◆ EXERCISE DIRECTIONS ◆
Retype the data below exactly, skipping pictures.

Data items
- Opening Delimiter -
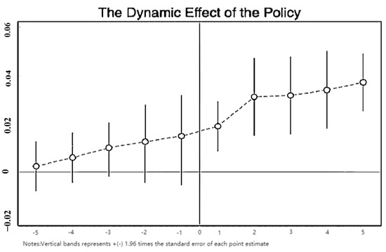 where is the dummy variable indicating the implementation of LCCP policy, and other variables are the same as those mentioned above. We use 5 as the threshold for setting the dummy variable. Assuming that is the start year for the LCCP program, indicates , . Since represents the policy effects on GTFEE, can test the parallel trend [45]. In other words, only if the direct effect of is not statistically significant, will the parallel trend test be passed.
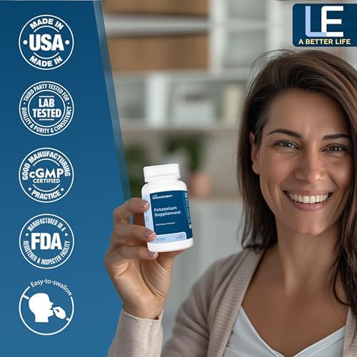 Life Enhancement High Absorption Potassium Supplement for Muscle, Brain & Bone Health - No Additives High Potency Elemental Potassium Supplement is Made in USA (240 Capsules – 120 Servings)
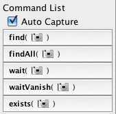 As a convenience, Sikuli IDE provides a Command List on the left panel. It shows a list of the most often used functions. Camera icons in the functions indicate these functions expect a captured image as an argument.
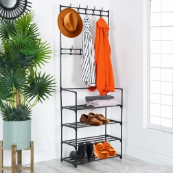 - Multifunktionel 3-i-1: tøjstativ, kroge til accessories og skoreol
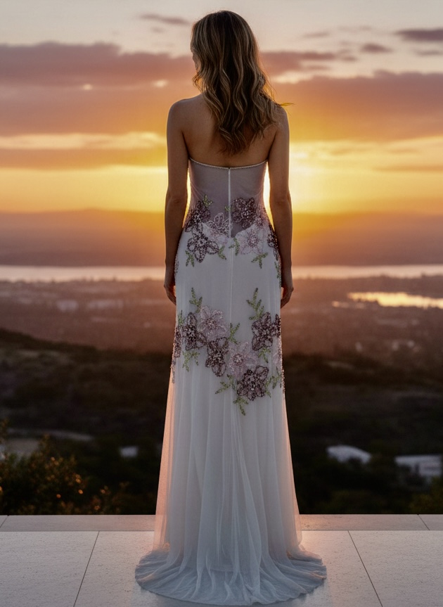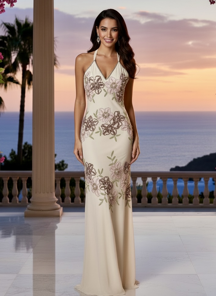 Dress to impress in this stunning floral hand beaded design. Sheer back and beautiful design make this gown an elegant choice for any prom, destination wedding or special event! You will love this dress!! Made on fabulous power mesh for a great fit!
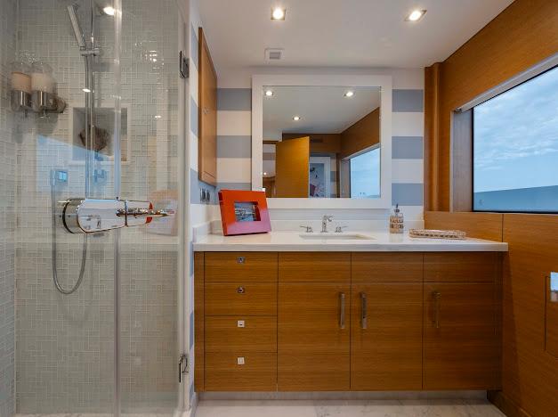 КАЮТА НА ГЛАВНОЙ ПАЛУБЕ С ПОЛНОЙ ВАННОЙ КОМНАТОЙ БЫЛА ПРЕОБРАЗОВАНА В МЕДИА-КОМНАТУ, НО МОЖЕТ БЫТЬ ЛЕГКО ВОССТАНОВЛЕНА В МАСТЕР-КАЮТУ.
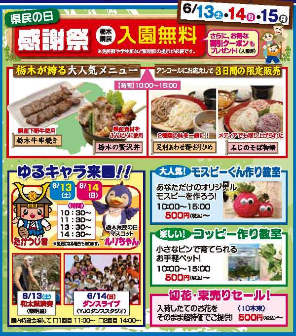 6/13(土).14(日).15(月)栃木県民の日“感謝祭”開催!!
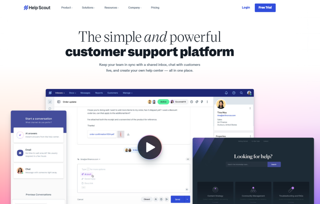HelpScout is a customer support platform designed to help businesses manage customer support and communicate between companies and customers through multiple channels- email, live chat, and a self-service knowledge base. It is quick to set up, with a user-friendly interface, and allows teams to manage all support interactions in one unified platform.
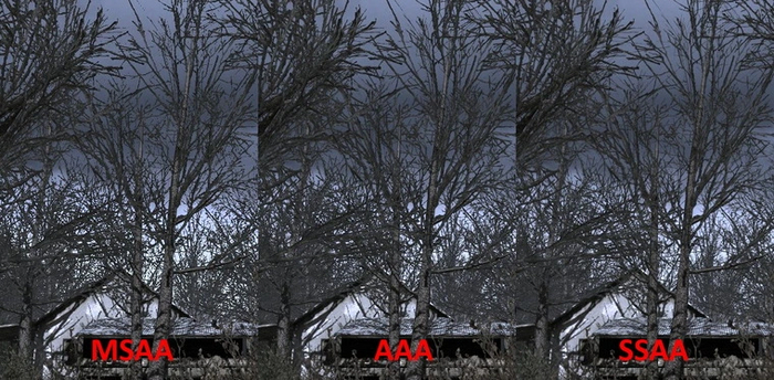 Так как ни одно из сглаживаний, основанных на множественной выборке, не может справиться с прозрачными текстурами, в середине нулевых обе компании добавили в драйверы для видеокарт еще один метод сглаживания. Он имеет гибридный подход, который может справиться со сглаживанием прозрачных текстур, но при этом не так тяжел, как чистый SSAA. Это — Adaptive Anti-Aliasing (AAA) у AMD и Transparency Anti-Aliasing (TrAA) у NVIDIA.
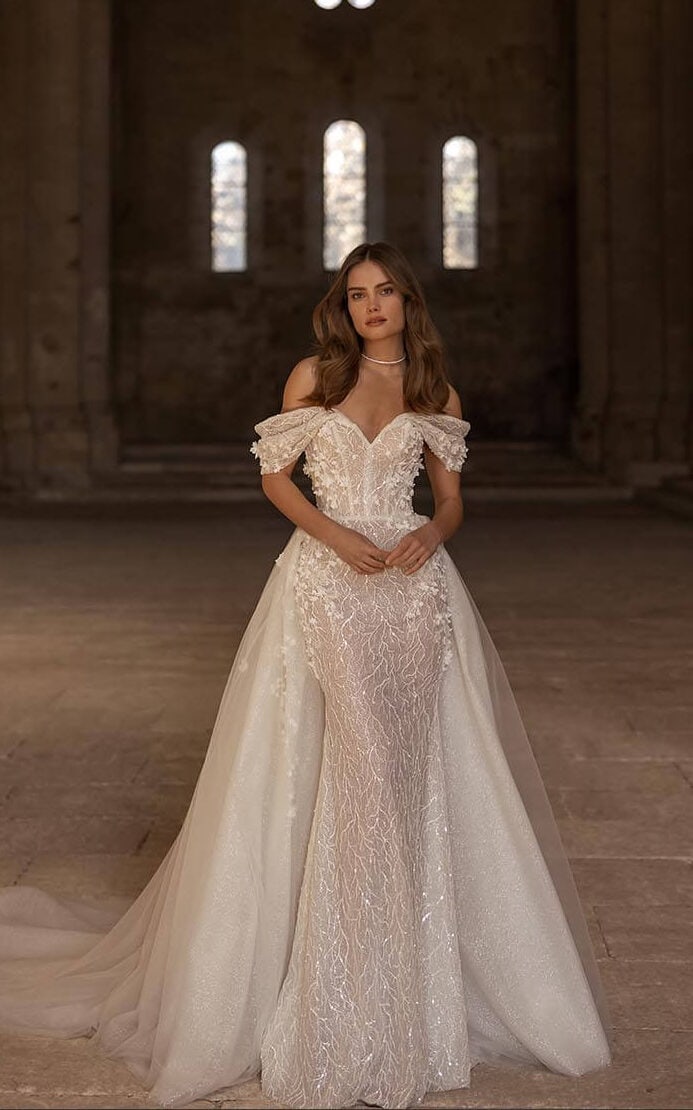 اظهري بأفضل ما لديك في هذا الفستان اللامع المذهل من إيفا ليندل. يقدم الفستان خط رقبة منفتحة على الكتف مع رقبة على شكل قلب ، محكم حول الخصر في مشد ضيق محدد. إنه يحتضن منحنياتك بأناقة ويعرض شكل الساعة الرملية ومزين بالكامل بتفاصيل لامعة ودانتيل. لإطلالة متعددة الاستخدامات ، تأتي مع تنورة متناسقة قابلة للفصل.
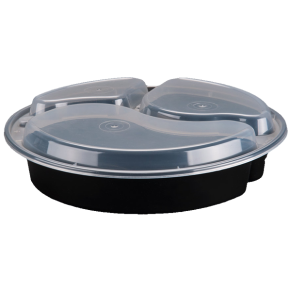 33 oz Round, 3 Comp Black Meal Prep
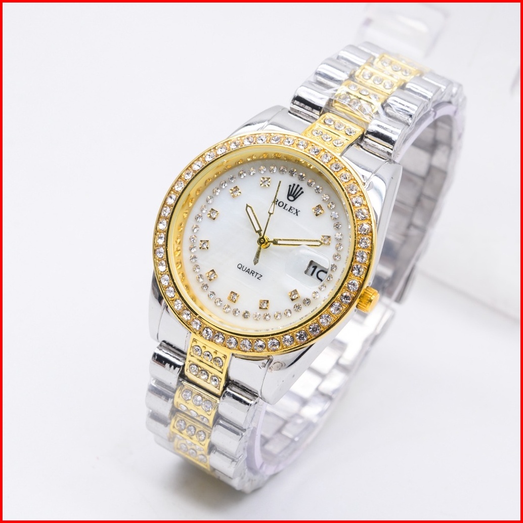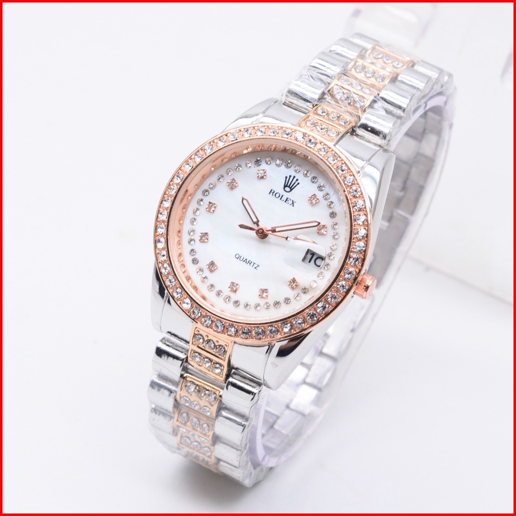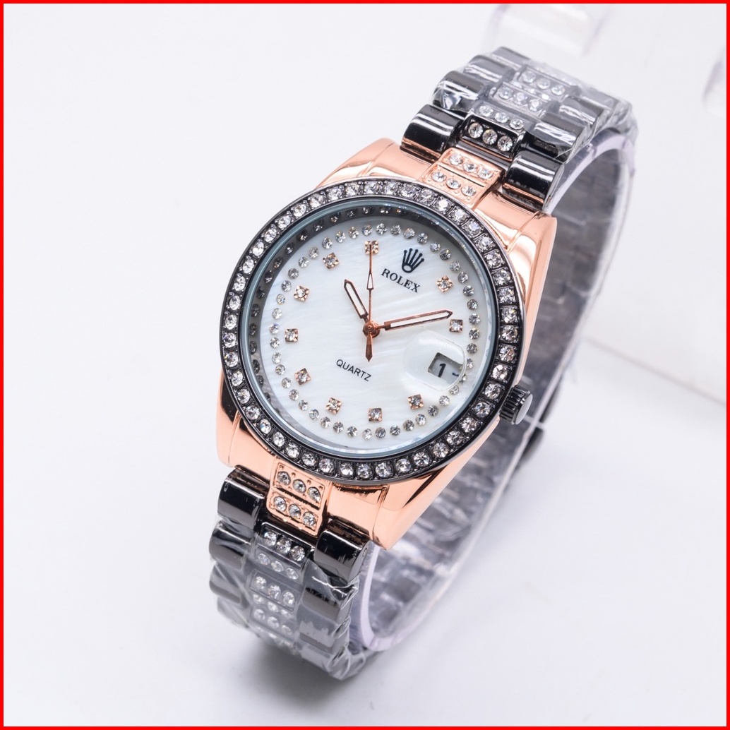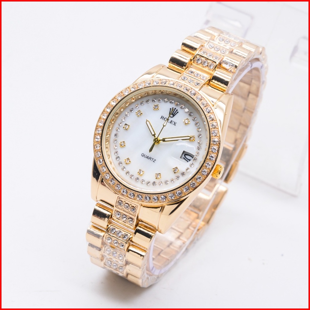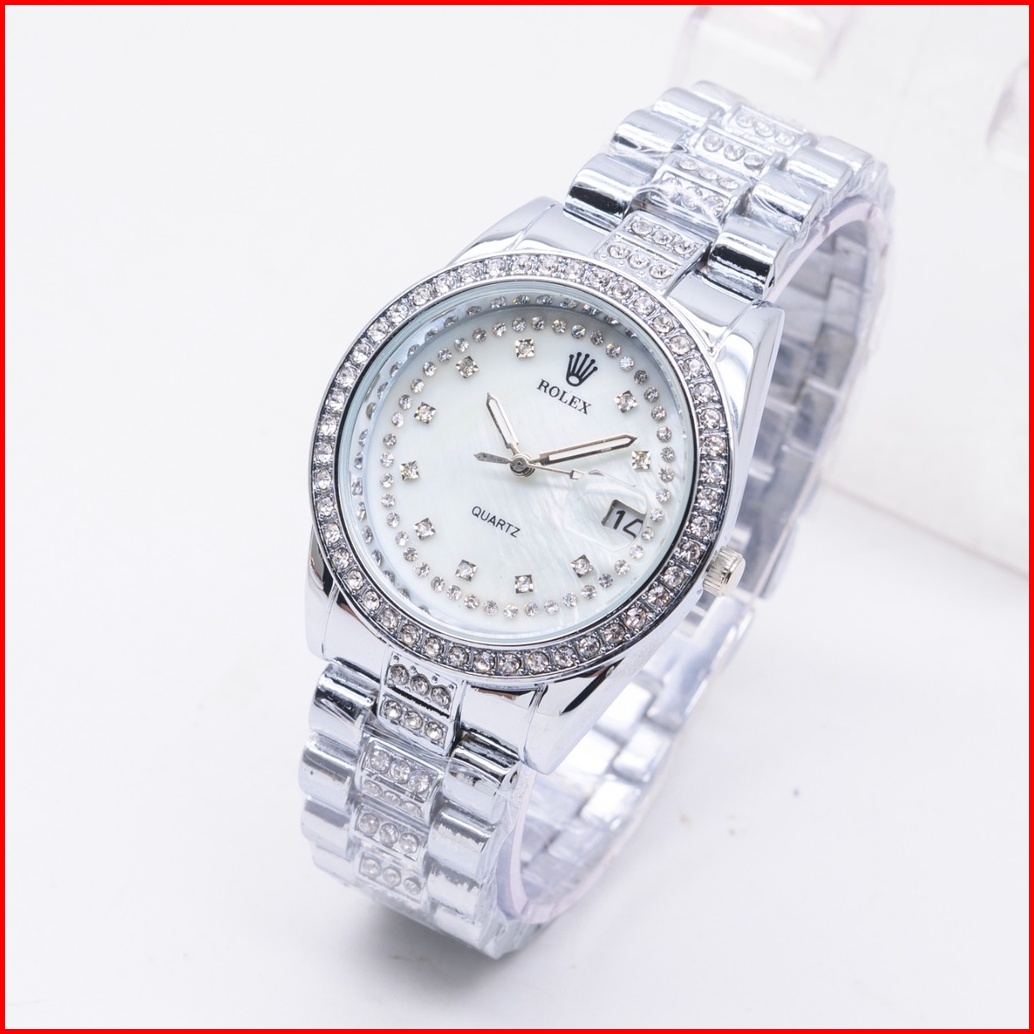 New Arrival Jam Tangan Mewah Wanita Fahsion Rolex Model Analog Body Full Diamond Rantai Stainless Tanggal On Plus Box 3
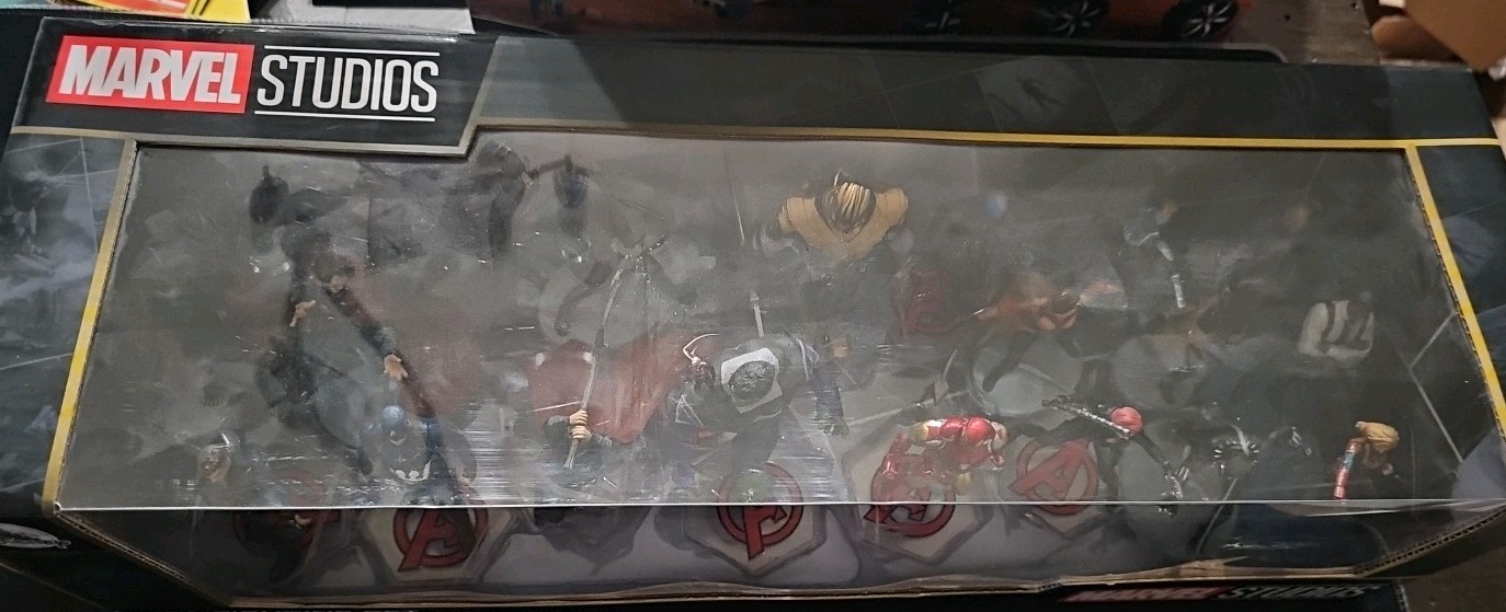 This is a Brand New, Disney Store Marvel Studios Mega Figurine Set. This highly collectible item was purchased directly from the Disney Store in Disney Springs, ensuring authenticity. The box has never been opened, and the figures are in mint condition inside. Condition: New in Box (NIB). Minor shelf wear may be present on the outer packaging as expected from retail purchase. Contents: A 20-piece mega set featuring characters from the Marvel Cinematic Universe Infinity Saga. Figures are fully sculpted PVC and are approximately 4 inches tall. Characters Included: Features key heroes and villains such as Iron Man, Captain America, Black Widow, Thor, Hulk, Thanos, Ant-Man, Captain Marvel, Gamora, Nebula, and more. Exclusivity: A genuine Disney Store Exclusive item.
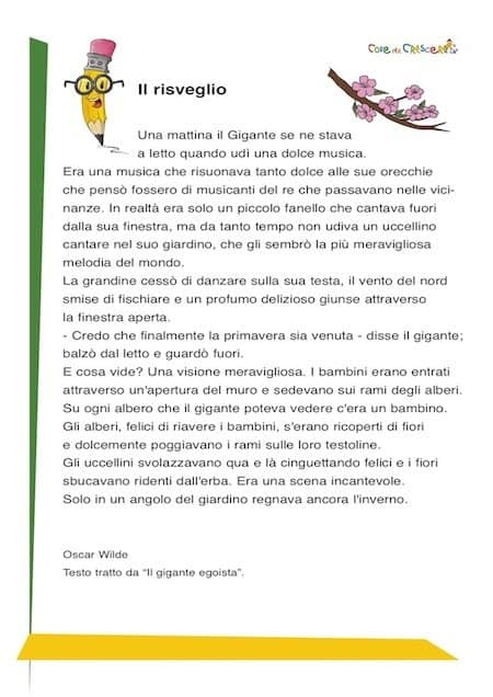 Un testo tratto dal racconto Il gigante egoista, scritto da Oscar Wilde, che si può proporre come Dettato sulla primavera per la scuola primaria, come lettura o per un’analisi e comprensione del testo. Scorrendo la pagina verso il basso, si può inoltre stampare una versione impaginata del testo.
- Closing Delimiter -
◆ OUTPUT FOR THIS TASK ◆
 where is the dummy variable indicating the implementation of LCCP policy, and other variables are the same as those mentioned above. We use 5 as the threshold for setting the dummy variable. Assuming that is the start year for the LCCP program, indicates , . Since represents the policy effects on GTFEE, can test the parallel trend [45]. In other words, only if the direct effect of is not statistically significant, will the parallel trend test be passed.
 Life Enhancement High Absorption Potassium Supplement for Muscle, Brain & Bone Health - No Additives High Potency Elemental Potassium Supplement is Made in USA (240 Capsules – 120 Servings)
 As a convenience, Sikuli IDE provides a Command List on the left panel. It shows a list of the most often used functions. Camera icons in the functions indicate these functions expect a captured image as an argument.
 - Multifunktionel 3-i-1: tøjstativ, kroge til accessories og skoreol
 Dress to impress in this stunning floral hand beaded design. Sheer back and beautiful design make this gown an elegant choice for any prom, destination wedding or special event! You will love this dress!! Made on fabulous power mesh for a great fit!
 КАЮТА НА ГЛАВНОЙ ПАЛУБЕ С ПОЛНОЙ ВАННОЙ КОМНАТОЙ БЫЛА ПРЕОБРАЗОВАНА В МЕДИА-КОМНАТУ, НО МОЖЕТ БЫТЬ ЛЕГКО ВОССТАНОВЛЕНА В МАСТЕР-КАЮТУ.
 6/13(土).14(日).15(月)栃木県民の日“感謝祭”開催!!
HelpScout is a customer support platform designed to help businesses manage customer support and communicate between companies and customers through multiple channels- email, live chat, and a self-service knowledge base. It is quick to set up, with a user-friendly interface, and allows teams to manage all support interactions in one unified platform.
 Так как ни одно из сглаживаний, основанных на множественной выборке, не может справиться с прозрачными текстурами, в середине нулевых обе компании добавили в драйверы для видеокарт еще один метод сглаживания. Он имеет гибридный подход, который может справиться со сглаживанием прозрачных текстур, но при этом не так тяжел, как чистый SSAA. Это — Adaptive Anti-Aliasing (AAA) у AMD и Transparency Anti-Aliasing (TrAA) у NVIDIA.
 اظهري بأفضل ما لديك في هذا الفستان اللامع المذهل من إيفا ليندل. يقدم الفستان خط رقبة منفتحة على الكتف مع رقبة على شكل قلب ، محكم حول الخصر في مشد ضيق محدد. إنه يحتضن منحنياتك بأناقة ويعرض شكل الساعة الرملية ومزين بالكامل بتفاصيل لامعة ودانتيل. لإطلالة متعددة الاستخدامات ، تأتي مع تنورة متناسقة قابلة للفصل.
 33 oz Round, 3 Comp Black Meal Prep
 New Arrival Jam Tangan Mewah Wanita Fahsion Rolex Model Analog Body Full Diamond Rantai Stainless Tanggal On Plus Box 3
 This is a Brand New, Disney Store Marvel Studios Mega Figurine Set. This highly collectible item was purchased directly from the Disney Store in Disney Springs, ensuring authenticity. The box has never been opened, and the figures are in mint condition inside. Condition: New in Box (NIB). Minor shelf wear may be present on the outer packaging as expected from retail purchase. Contents: A 20-piece mega set featuring characters from the Marvel Cinematic Universe Infinity Saga. Figures are fully sculpted PVC and are approximately 4 inches tall. Characters Included: Features key heroes and villains such as Iron Man, Captain America, Black Widow, Thor, Hulk, Thanos, Ant-Man, Captain Marvel, Gamora, Nebula, and more. Exclusivity: A genuine Disney Store Exclusive item.
 Un testo tratto dal racconto Il gigante egoista, scritto da Oscar Wilde, che si può proporre come Dettato sulla primavera per la scuola primaria, come lettura o per un’analisi e comprensione del testo. Scorrendo la pagina verso il basso, si può inoltre stampare una versione impaginata del testo.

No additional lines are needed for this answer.